The Deep Web
The Deep Web, also known as the "Invisible Web," refers to the pages on the World Wide Web that are not indexed by conventional search engines such as Google or Yahoo. This tutorial explains the differences between the deep web and the surface web, how to access the deep web, and what kind of information is found in the deep web.
Deep Web vs. Surface WebWhen you use a search engine like Google or Yahoo!, the information you get back is sometimes referred to as the "Surface Web" or the "Visible Web." However, there's a lot more information out there - There are millions of web pages that Google and Yahoo can't find. That's the Deep Web.
For example, a Google search will not pick up all information in the Library of Congress web pages. To find those web pages you would have to go to the Library of Congress home page and perform a search there.
Why can't you find those pages with your Google search? Deep web pages cannot be found by search engines like Google because they are within specialized databases; typical search engines just aren't able to access them. The Deep Web is made up of valuable material, like the information within the Library of Congress web pages. In January 2006, Marcus P. Zillman wrote "the Deep Web covers somewhere in the vicinity of 900 billion pages of information located through the world wide web in various files and formats that the current search engines on the Internet either cannot find or have difficulty accessing. The current search engines find about 8 billion pages".
What can you find within the deep web?Directories are part of the deep web. These can include things like:
- phone books
- "people finders" such as lists of professionals; doctors or lawyers
- dictionary definitions
- items for sale in a Web store or on Web-based auctions
- digital exhibits
- multimedia and graphical files
- job postings
- available airline flights, hotel rooms, etc.
- stock and bond prices, market averages, etc.

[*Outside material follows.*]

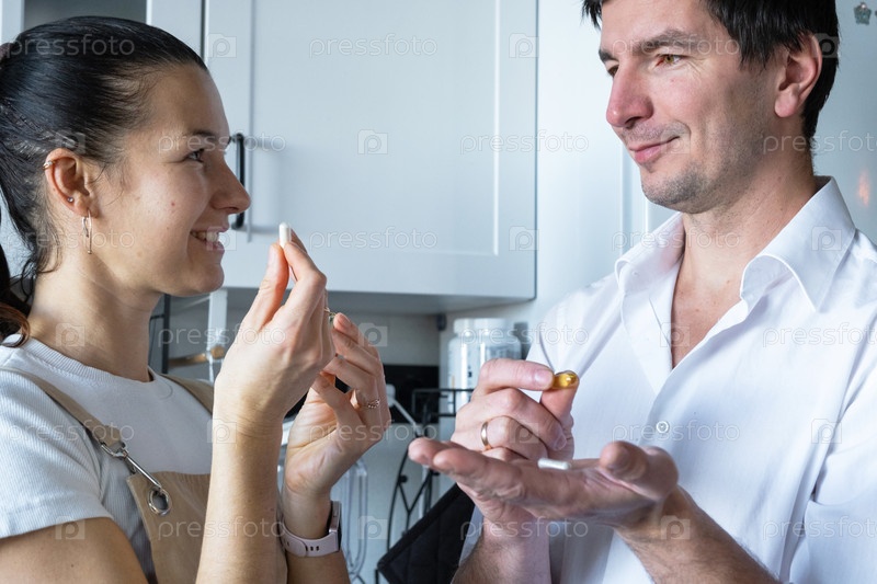Муж и жена принимают витамины, семейное здоровье, продвижение пищевых добавок, витамин С, витамин D, мультивитамин, продукт оздоровления ad

Finding Information in the Deep WebMost of the deep web is made up of information found in specialized databases. Each of these databases can be searched, much like searching Google, but the results are often delivered to you in web pages that are made just in answer to your search. These pages are not stored anywhere, rather they are created "on the fly." It is easier and cheaper for these databases to spontaneously generate the answer page for each search than to store all the possible pages containing all the possible answers to all the possible searches people could make to the database. Search engines cannot find or create these pages.
The trick is knowing where to go to search for this information in the deep web. A list of places to find information from the deep web can be found at the LSU Libraries, Internet Searching - Deep Web Search Engines page.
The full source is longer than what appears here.